There appears to me a mini RBR gathering for the last stage of ToC. Here's the thread:

http://forums.roadbikereview.com/showthread.php?t=121092


----------



## Hollywood (Jan 16, 2003)

JaeP said:


> There appears to me a mini RBR gathering for the last stage of ToC. Here's the thread:
> 
> http://forums.roadbikereview.com/showthread.php?t=121092


some of us will meet at Lucky Baldwins pub around noon for food and beverages (Belgian Beer Fest in town). Then plan on rolling over to the finish at the Rose Bowl. 

This is all assuming:

a) its not pouring
b) we're not too intoxicated to pedal
c) all of the above

http://www.luckybaldwins.com/contactus.html


----------



## 93561rider (Dec 6, 2007)

Do they have internet? If so I'll bring my laptop to watch the online coverage.
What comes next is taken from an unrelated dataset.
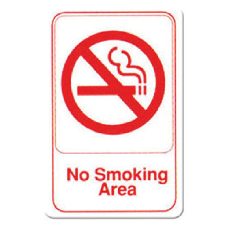 The Winco SGN-684W Information Sign With Symbol is a crucial signage solution designed to communicate important area-specific instructions effectively. Measuring 6 inches by 9 inches in height, this sign is perfectly dimensioned to ensure visibility without occupying excessive space, catering to various industrial and commercial environments. The sign prominently features a “No Smoking Area” notification with a red imprint on a contrasting white background, enhancing readability and catching attention immediately. The inclusion of a clear, universally recognized symbol further reinforces the message, making it easily understandable for diverse audiences, including non-English speakers or those with reading difficulties, thereby promoting inclusivity and compliance with safety regulations. This sign is a vital addition to areas where smoking is prohibited, ensuring adherence to health and safety standards across different market segments such as hospitality, healthcare, corporate offices, and educational institutions. Its durable construction ensures it withstands various environmental conditions, making it suitable for both indoor and outdoor applications. By providing a clear and authoritative visual cue, the Winco SGN-684W Information Sign supports organizations in maintaining a safe and smoke-free environment, thereby enhancing overall health and safety measures within their premises.

I don't know that area very well, how far is that place from the finish line?




Hollywood said:


> some of us will meet at Lucky Baldwins pub around noon for food and beverages (Belgian Beer Fest in town). Then plan on rolling over to the finish at the Rose Bowl.
> 
> This is all assuming:
> 
> ...


----------



## Hollywood (Jan 16, 2003)

93561rider said:


> Do they have internet? If so I'll bring my laptop to watch the online coverage.
> 
> I don't know that area very well, how far is that place from the finish line?


what am I, AskJeeves?


----------



## 93561rider (Dec 6, 2007)

Hollywood said:


> what am I, AskJeeves?



It seems you are:thumbsup: 

http://www.pocket-lint.co.uk/news/news.phtml/1048/2072/view.phtml


----------



## 93561rider (Dec 6, 2007)

I ended up catching the finish of the Santa Clarita race today, so I think I'll pass on the 5 hours round trip drive to the watch it rain.
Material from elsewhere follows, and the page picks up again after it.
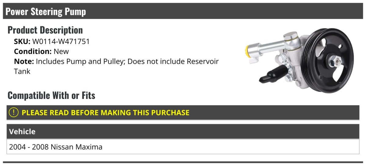 - Power Steering Pump With Pulley For 2004-2008 Nissan Maxima

I'm sure the weather will clear and it will be a great finish. Have fun everyone.


----------



## mikeyp123 (Mar 9, 2007)

rain just let up a little.. I live about 2 miles from the Rose Bowl, lets hope it stays away for the rest of the afternoon.


----------



## Hollywood (Jan 16, 2003)

cool thanks.

we're going straight to the Rose Bowl now. then hitting Lucky Baldwins on Raymond after the race is over.

cheers




mikeyp123 said:


> rain just let up a little.. I live about 2 miles from the Rose Bowl, lets hope it stays away for the rest of the afternoon.


----------